Context. The conventional approach to direct imaging is to use a single aperture coronagraph with wavefront correction via extreme adaptive optics (AO). Such systems are limited to observing beyond an inner working angle (IWA) of a few λ/D. Nulling interferometry with two or more apertures will enable detections of companions at separations at and beyond the formal diffraction limit.
Aims: In this paper, we evaluate the astrophysical potential of a kernel-nuller as the prime high-contrast imaging mode of the Very Large Telescope Interferometer (VLTI).
Methods: By taking into account baseline projection effects induced by Earth rotation, we introduce some diversity in the response of the nuller as a function of time.
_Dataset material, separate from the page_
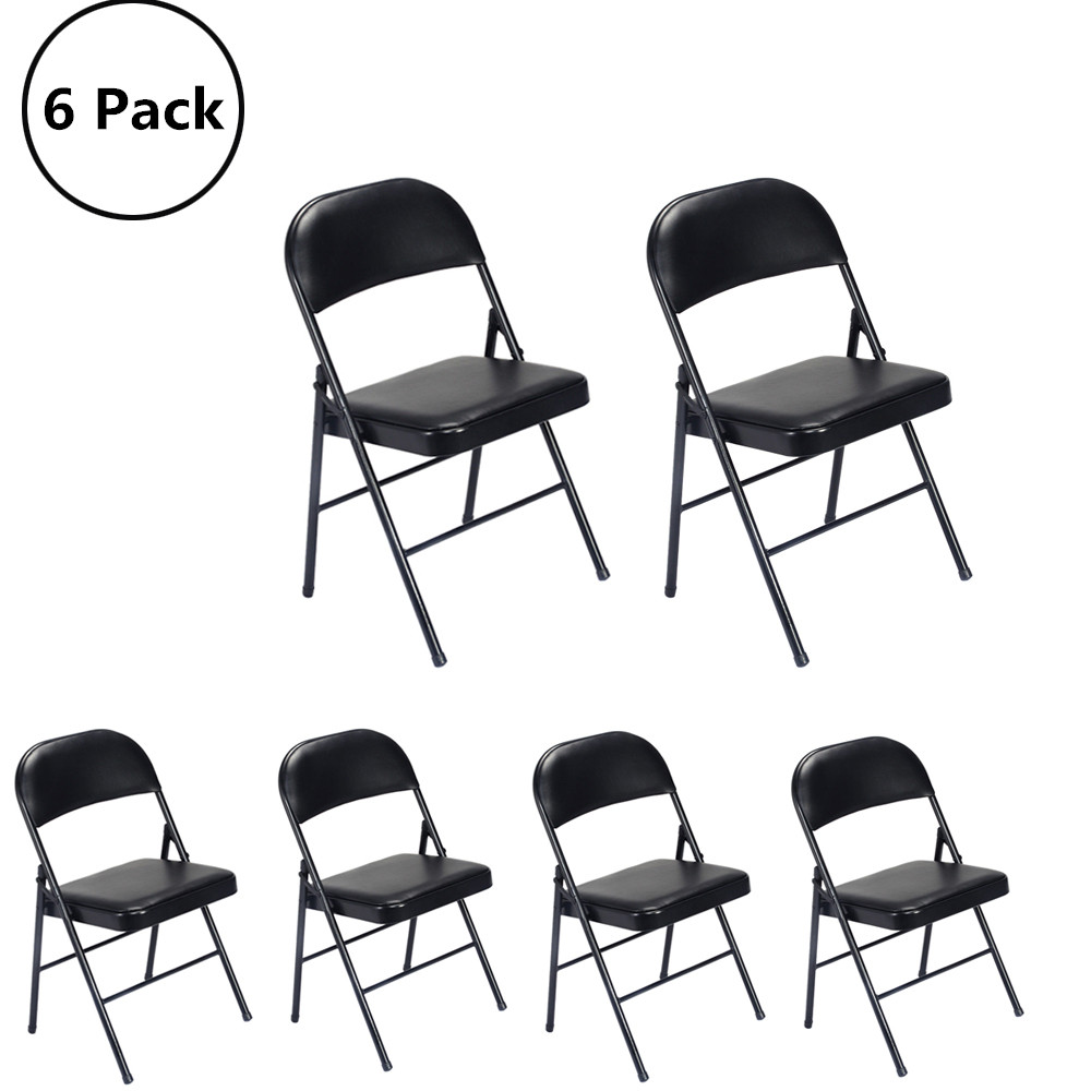 UBesGoo 6 Pack Folding Chairs Cushioned Padded Seat Wedding Chairs with Metal Frame Home Office Party Use Black

This response is depicted by transmission maps. We also determine whether we can extract the astrometric parameters of a companion from the kernel outputs, which are the primary intended observable quantities of the kernel-nuller. This then leads us to comment on the characteristics of a possible observing program for the discovery of exoplanets.
Results: We present transmission maps for both the raw nuller outputs and their subsequent kernel outputs. To further examine the properties of the kernel-nuller, we introduce maps of the absolute value of the kernel output. We also identify 38 targets for the direct detection of exoplanets with a kernel-nuller at the focus of the VLTI.
Conclusions: With continued upgrades of the VLTI infrastructure, which will reduce fringe tracking residuals, a kernel-nuller would enable the detection of young giant exoplanets at separations <10 AU, where radial velocity and transit methods are more sensitive.